Uma espécie de justiça
Na obra Species Plantarum (1753), de Lineu, pode ler-se na página 15 a primeira descrição da Justicia hyssopifolia, endemismo das ilhas de Tenerife e La Gomera. O texto, em latim como era obrigatório e é ainda hoje recomendado (embora se permita o inglês), informa que se trata de uma espécie com folhas linear-lanceoladas e flores bilabiadas axilares, solitárias e de cor esbranquiçada — contrastando com a maioria das espécies de Justicia, que se prezam pelas flores garridas em arranjos muito vistosos. Quanto ao habitat, fica precisamente in insulis Fortunatis, designação feliz e realmente apropriada para as ilhas Canárias.
Justicia hyssopifolia L.
Ironicamente, foi no Barranco do Inferno, em Tenerife, que vimos estes exemplares de Justicia hyssopifolia. A visita a este barranco, com muitas rochas em tons claros a encandear os passeantes incautos sem óculos escuros, e um micro-clima escaldante e quase desértico, é paga. Cada visitante recebe então um mapa com a duração máxima permitida em cada troço do percurso e um capacete devidamente desinfectado que deverá usar para se proteger de possíveis derrocadas de pedras. A duração da visita é controlada por olheiros que, ao longo do barranco, evitam que os visitantes saiam dos trilhos, colham plantas e flores ou façam demasiado ruído, se concentrem, estragando, em locais de maior biodiversidade, ou nadem nas piscinas na base da cachoeira que é servida como troféu no fim do passeio — magrinha mas muito apreciada dada a sua raridade nesta ilha sem rios. Com a demora para observar as inúmeras plantas em detalhe, e o respeito devido pela fotografia perfeita, ultrapassámos em muito o tempo recomendado de permanência no barranco. Valeu-nos um grupo grande de alemães idosos cujo avanço no caminho foi frequentemente nulo ou mesmo negativo, e que devolveram os capacetes muito depois de nós.

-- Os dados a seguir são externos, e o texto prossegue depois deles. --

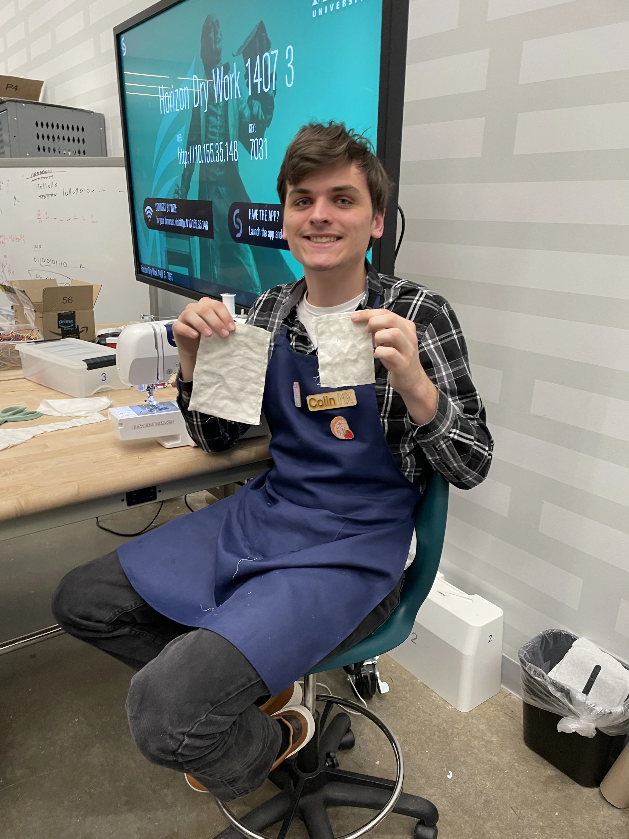 The MIX Sewing and Textiles Station is located in the main Makerspace. Within this station exists smaller individual tables for embroidery, vinyl cutting, heat press, sublimation printing, and ironing. The sewing and textiles cabinets contains tools and scrap fabric for user.

Justicia é dos géneros mais populosos da família Acanthaceae, com cerca de 900 espécies conhecidas. Crê-se que tenha origem nas regiões de clima quente temperado, alimentando na América, África e Índia várias espécies de borboletas (como a Anartia fatima). Apesar de tão disseminada, e de o arquipélago da Madeira estar próximo, não há registo de endemismos conhecidos da família Acanthaceae nessas ilhas.